A Kraken spokesperson described the new law as sending "a top-down signal that Australia is serious about digital assets." Kate Cooper, CEO of OKX Australia, described the legislation as a pivotal moment that establishes foundations for institutional participation and long-term capital allocation.

Cboe Australia already lists warrants and structured products, instruments that sit close to the on-ramps for tokenized securities. TMX will inherit Cboe Australia's existing ASIC market licence and will need to assess how that infrastructure intersects with the new AFSL framework if it moves toward tokenized product listings or digital asset services.

Competitive Dynamics in the Australian Market

A better-resourced Cboe Australia under TMX ownership could intensify competition with the Australian Securities Exchange, which currently dominates domestic equities. The combination may reduce trading costs for participants, but it raises meaningful questions about the longer-term shape of competition across the Australian exchange landscape. Research on the transaction specifically highlights the resources and energy transition sectors, where global capital flows are growing, as areas where a TMX-backed Cboe Australia could mount a more credible challenge for listings and trading volumes.

That competitive positioning also carries implications for institutional investors across the broader Indo-Pacific. South Asian institutional participants from markets including India, Sri Lanka, and Bangladesh have been identified as a relevant constituency for this transaction, particularly those seeking exposure to mining and energy transition equities. These are sectors in which Cboe Australia maintains existing listings expertise, and their growth trajectory makes the exchange's new ownership structure directly relevant to regional capital allocation decisions.

What Changes in Canada

On the domestic side, TMX absorbing Cboe Canada consolidates Canadian equities infrastructure further under the TSX umbrella. NEO Exchange had carved out a niche as a more accessible listing venue for smaller issuers, including fintech and blockchain-adjacent companies. How TMX integrates NEO's listing standards into its broader platform will affect companies in those sectors that were using NEO as an alternative path to public markets. The consolidation may reduce trading costs for some participants, but it also raises longer-term questions about market concentration in Canadian equities infrastructure, a concern that regulators and market participants are expected to scrutinize closely through the approval process.

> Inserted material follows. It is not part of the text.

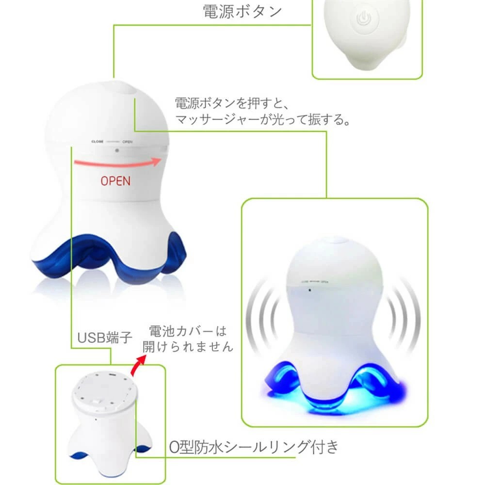 電マ 強力 振動 ミニ マッサージ器 ホワイト ブルー

Longer-Term Signals for Builders

TMX has publicly identified tokenization as one of its top 2026 priorities, specifically for post-trade collateral management and funding through its Canadian Collateral Management Service. Executives have also referenced 24/7, on-chain markets with atomic settlement as a macro trend worth monitoring, though no specific blockchain infrastructure has been announced. Analysts suggest that a larger balance sheet following this acquisition may accelerate investment in those initiatives.

Closing of the two transactions is expected to occur separately, pending regulatory sign-off in each jurisdiction. Barclays served as financial advisor to Cboe, with Sidley Austin, Blake, Cassels & Graydon LLP, and King & Wood Mallesons providing legal counsel on the sell side.

For readers tracking the deal's implications, the near-term markers to watch are the ASIC and Canadian regulatory approval timelines and TMX's first public signals on how it intends to position Cboe Australia within the country's new digital asset licensing framework.